13. The apparatus of claim 12, wherein the obtaining module comprises:

the first obtaining submodule is used for obtaining the click accumulated times of the at least one service object in the video within a time period; and determining the accumulated information of the trigger operation of the at least one service object in the video at least according to the accumulated times of clicks.

14. The apparatus of claim 12, wherein the obtaining module further comprises:

the second acquisition submodule is used for acquiring the trigger action accumulated information of the anchor in the video through action detection; and determining the accumulated information of the trigger operation of the at least one business object in the video at least according to the accumulated information of the trigger action.

15. The apparatus of claim 12, wherein the obtaining module further comprises:

the third obtaining submodule is used for obtaining the current number of visitors of the video; and determining the accumulated information of the triggering operation of the at least one business object in the video at least according to the current number of visitors.

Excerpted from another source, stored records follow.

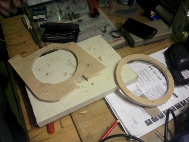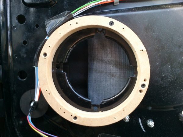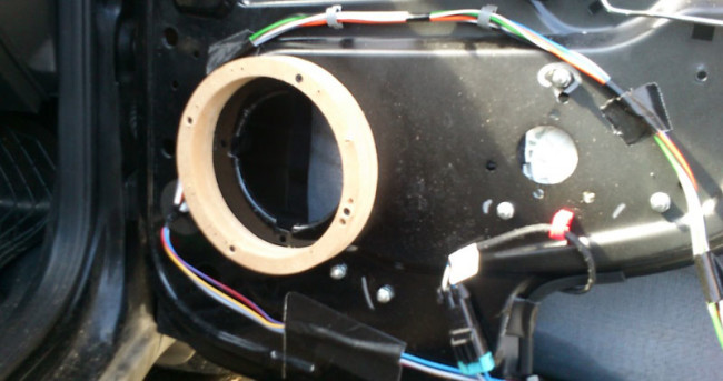 По этой причине изготовленные из фанеры кольца под динамики крепят на металл двери, и уже к ним саму колонку.
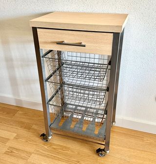 Práctico carro verdulero con una estructura metálica y encimera de madera. - Tres niveles de cestas de rejilla. - Encimera de madera clara. - Estructura metálica resistente.
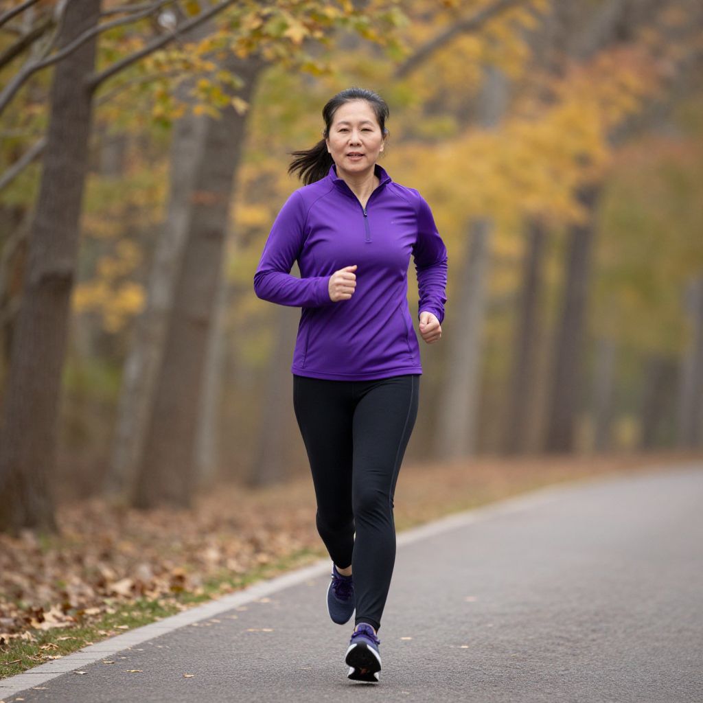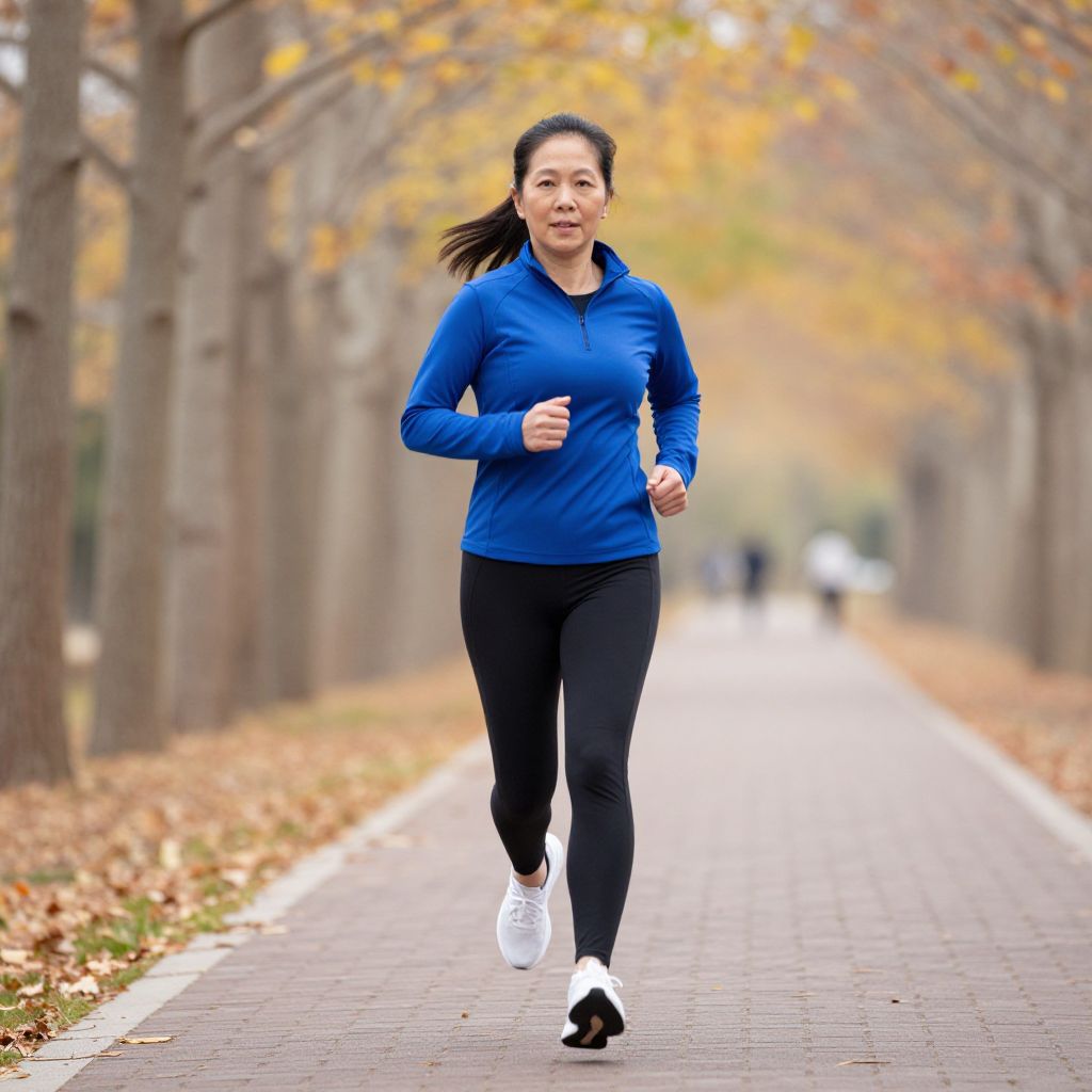 Middle age mature active and healthy Asian woman exercising weight loss body workout jogging running in park path autumn forest. Middle aged lifestyle. Lady in her 50s.

16. The apparatus of any of claims 12-15, further comprising:

and the second adjusting module is used for adjusting the at least one service object to be displayed in the video according to the historical data of the information display object.

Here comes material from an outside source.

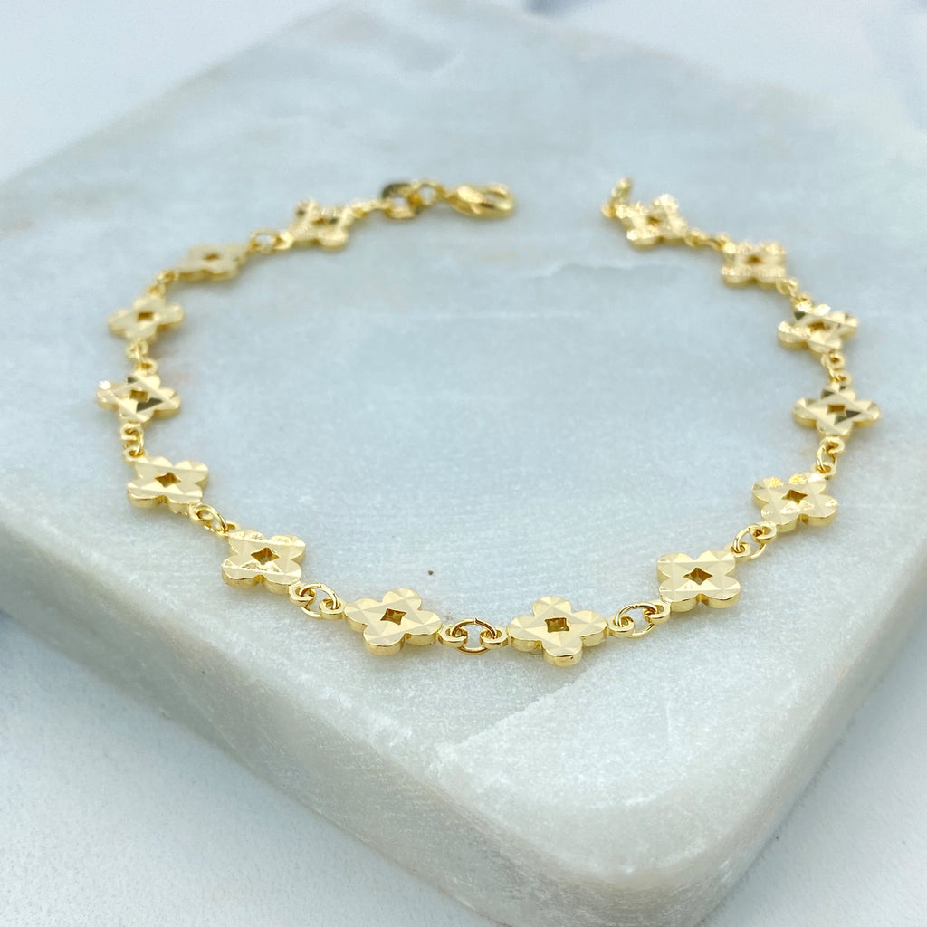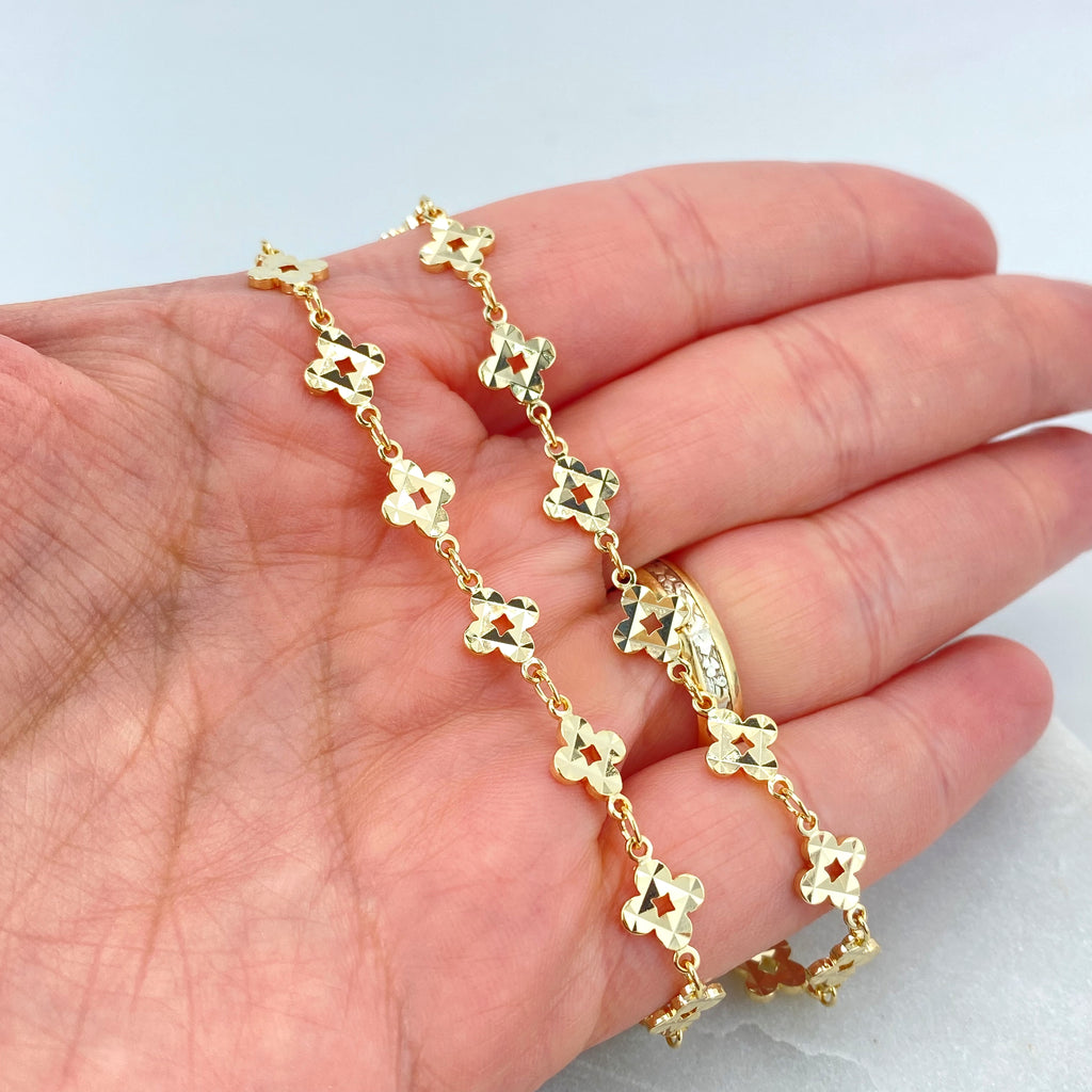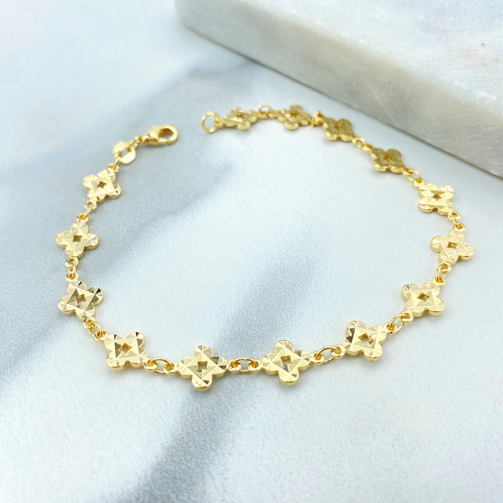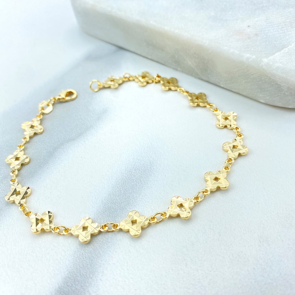 18k Gold Filled “Dios Te Bendiga” Safety Pin Brooch, Cross & Beads Charm Pin

17. The apparatus of claim 16,

the second adjusting module is used for adjusting the display duration and/or the display position of the business object to be displayed in the video.

18. The apparatus according to any one of claims 12 to 15,

the drawing module is used for determining the characteristic points of the target object from the video, and determining the drawing position information of the business object to be drawn in the video image by using a pre-trained convolution network model for determining the drawing position of the business object in the video image according to the characteristic points of the target object; or, determining the type of the target object from the video, and determining the drawing position information of the service object to be drawn according to the type of the target object.

19. The apparatus of claim 18,

the drawing module is configured to determine that drawing position information of the business object to be drawn includes at least one of the following when the type of the target object is a face type: a hair region, a forehead region, a cheek region, a chin region, and a body region other than the head of the person in the video image; and/or the presence of a gas in the gas,

20. The apparatus according to any one of claims 12 to 15, wherein the drawing position of the information presentation object includes any region other than a person in the video image.

21. The apparatus of any of claims 12-15, wherein the video comprises a live video in a live platform.

22. The apparatus according to any of claims 12-15, wherein the business object comprises: special effects containing advertising information in at least one of the following forms: two-dimensional paster special effect, three-dimensional special effect and particle special effect.

23. A terminal device, comprising: the system comprises a processor, a memory, a communication interface and a communication bus, wherein the processor, the memory and the communication interface complete mutual communication through the communication bus;

the memory is adapted to store at least one computer program for causing the processor to perform the video image processing method according to any one of claims 1 to 11.